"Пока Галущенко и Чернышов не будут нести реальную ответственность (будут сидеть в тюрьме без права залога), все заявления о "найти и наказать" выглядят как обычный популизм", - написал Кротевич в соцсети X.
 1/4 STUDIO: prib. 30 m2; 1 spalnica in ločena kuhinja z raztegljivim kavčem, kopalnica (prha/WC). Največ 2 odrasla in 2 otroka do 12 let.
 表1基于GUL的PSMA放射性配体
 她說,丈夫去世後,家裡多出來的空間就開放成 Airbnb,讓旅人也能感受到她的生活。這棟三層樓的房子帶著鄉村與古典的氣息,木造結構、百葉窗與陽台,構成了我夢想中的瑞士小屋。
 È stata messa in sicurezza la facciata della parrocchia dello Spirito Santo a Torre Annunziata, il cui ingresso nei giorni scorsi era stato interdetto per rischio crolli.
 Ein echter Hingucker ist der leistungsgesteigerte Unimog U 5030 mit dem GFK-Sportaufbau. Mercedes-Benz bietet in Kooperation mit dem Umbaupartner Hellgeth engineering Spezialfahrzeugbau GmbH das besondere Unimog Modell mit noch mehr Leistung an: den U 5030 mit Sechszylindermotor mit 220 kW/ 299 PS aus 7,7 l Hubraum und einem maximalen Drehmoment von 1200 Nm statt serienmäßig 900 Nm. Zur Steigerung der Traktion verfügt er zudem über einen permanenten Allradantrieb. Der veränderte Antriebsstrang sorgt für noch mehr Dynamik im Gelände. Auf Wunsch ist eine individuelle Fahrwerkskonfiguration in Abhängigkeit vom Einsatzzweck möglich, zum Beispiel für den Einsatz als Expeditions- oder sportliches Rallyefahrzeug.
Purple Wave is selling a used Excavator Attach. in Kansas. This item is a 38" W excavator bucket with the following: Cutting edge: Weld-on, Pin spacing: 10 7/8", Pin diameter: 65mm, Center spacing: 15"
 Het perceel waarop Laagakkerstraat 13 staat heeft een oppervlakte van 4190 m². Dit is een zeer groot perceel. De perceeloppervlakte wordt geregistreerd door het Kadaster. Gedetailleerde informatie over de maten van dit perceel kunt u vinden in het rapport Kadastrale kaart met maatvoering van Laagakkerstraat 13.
◆ ◆ ◆ ◆ ◆ ◆ ◆
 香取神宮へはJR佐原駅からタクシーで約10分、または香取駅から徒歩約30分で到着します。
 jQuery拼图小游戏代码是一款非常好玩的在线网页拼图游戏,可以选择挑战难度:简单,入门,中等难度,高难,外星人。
◆ ◆ ◆ ◆ ◆ ◆ ◆
Scan the records above for the lines holding "她說,丈夫去世後,家裡多出來" and "È stata messa". Transcribe those two and every line between them word for word, and no others.

**Written reply**
 她說,丈夫去世後,家裡多出來的空間就開放成 Airbnb,讓旅人也能感受到她的生活。這棟三層樓的房子帶著鄉村與古典的氣息,木造結構、百葉窗與陽台,構成了我夢想中的瑞士小屋。
 È stata messa in sicurezza la facciata della parrocchia dello Spirito Santo a Torre Annunziata, il cui ingresso nei giorni scorsi era stato interdetto per rischio crolli.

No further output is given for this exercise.